This is the official implementation for the paper Learning to Scaffold: Optimizing Model Explanations for Teaching.
Abstract: Modern machine learning models are opaque, and as a result there is a burgeoning academic subfield on methods that explain these models’ behavior. However, what is the precise goal of providing such explanations, and how can we demonstrate that explanations achieve this goal? Some research argues that explanations should help teach a student (either human or machine) to simulate the model being explained, and that the quality of explanations can be measured by the simulation accuracy of students on unexplained examples. In this work, leveraging meta-learning techniques, we extend this idea to improve the quality of the explanations themselves by optimizing them to improve the training of student models to simulate original model. We train models on three natural language processing and computer vision tasks, and find that students trained with explanations extracted with our framework are able to simulate the teacher significantly more effectively than ones produced with previous methods. Through human annotations and a user study, we further find that these learned explanations more closely align with how humans would explain the required decisions in these tasks.
The code is based on the JAX.
Please refer to the project page to see how to install the correct version for your system.

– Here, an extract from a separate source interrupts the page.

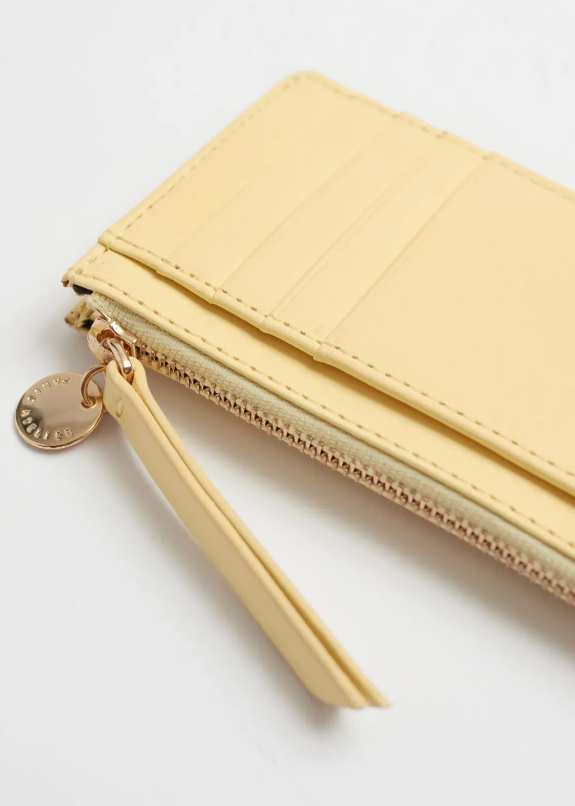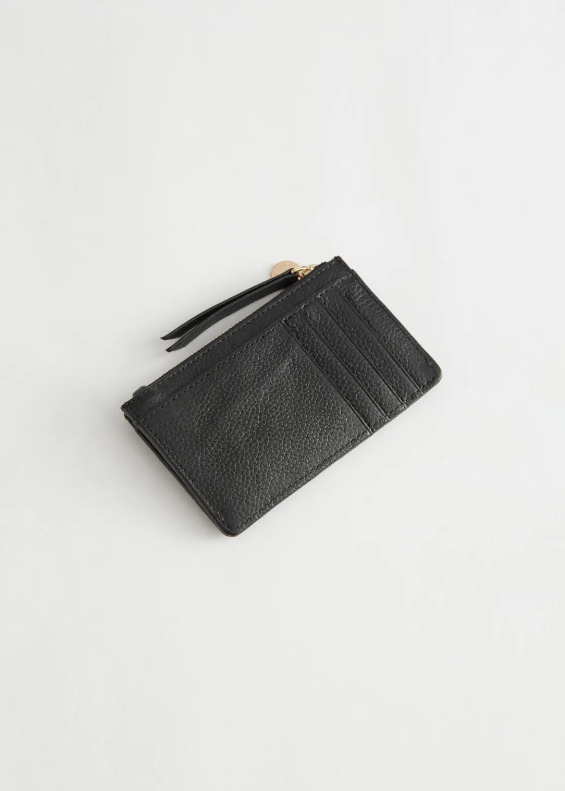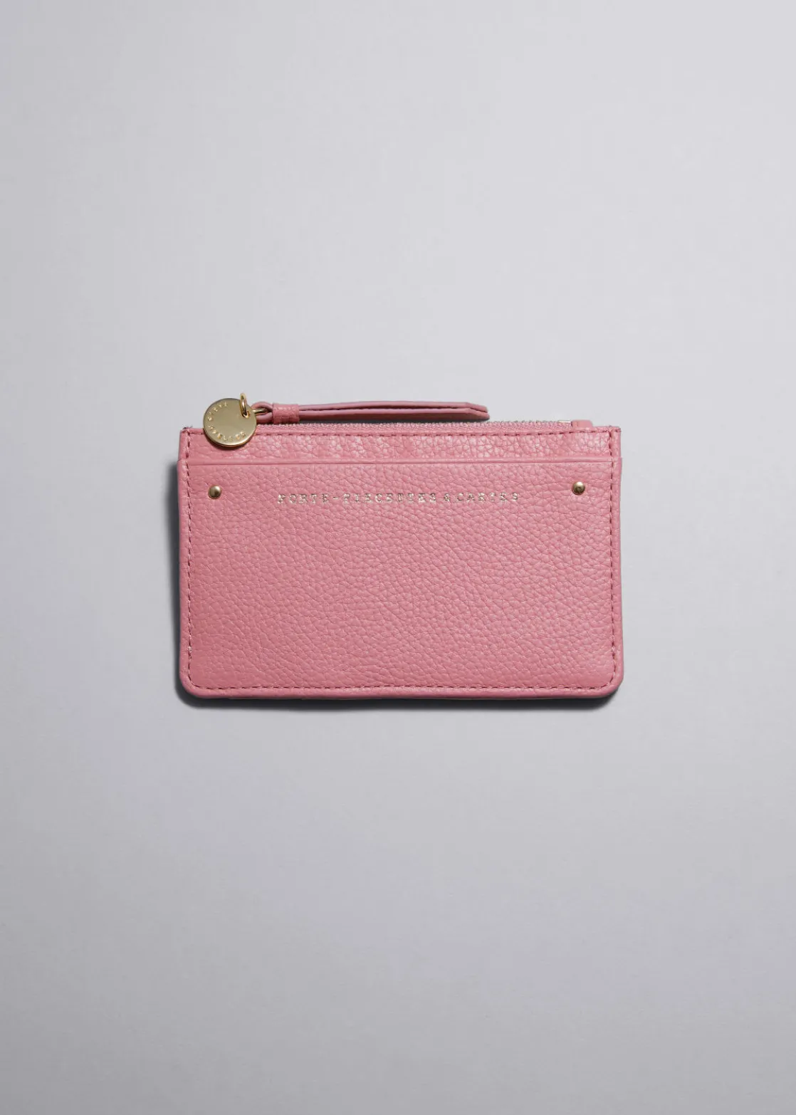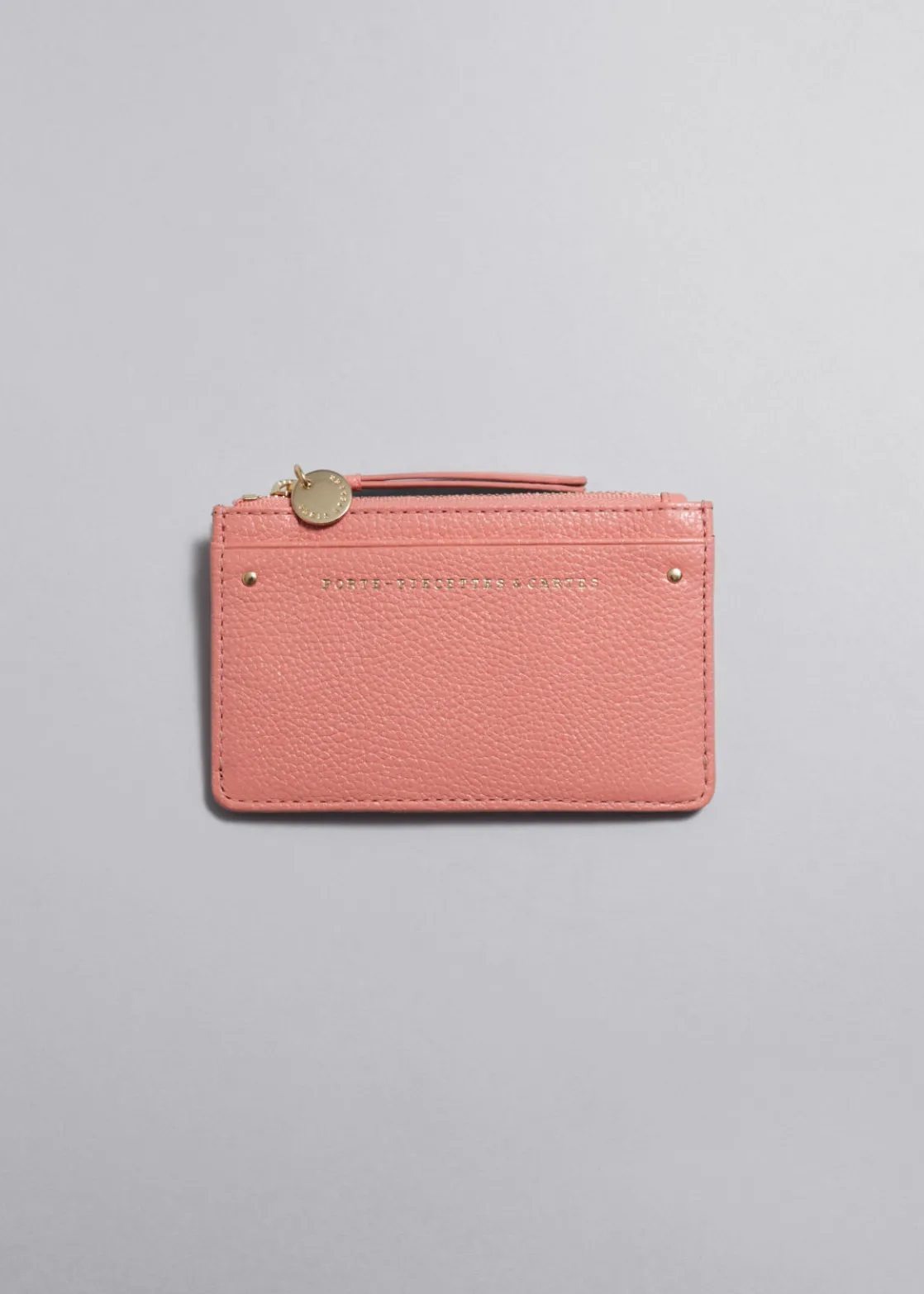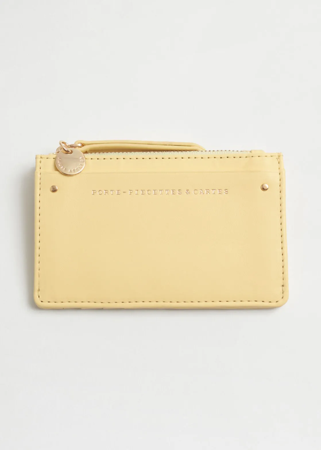 Leather wallet with a zipper compartment, card holder pockets and gold-toned hardware. Featuring a coin pendant with ‘Paris Atelier’ embossed detailing and a pull tab.

We used both jax==0.2.24 jaxlib==0.1.72
and jax==0.3.1 jaxlib==0.3.0+cuda11.cudnn82
.
It also depends on two custom forks. The forks are required because neither Flax nor Transformers allow extracting unnormalized attention:
All requirements except jax can be install by running
pip install -r requirements.txt
The smat package contains a wrapper function that allows you to quickly train explainers for your model. All you need to do is wrap your model into a special class, and define some parameters for smat.
import jax, flax
from smat import *
# wrap model with
@smat.models.register_model('my_model')
class MyModel(smat.models.WrappedModel):
...
# get data and model
train_data, valid_data, dataloader = get_data()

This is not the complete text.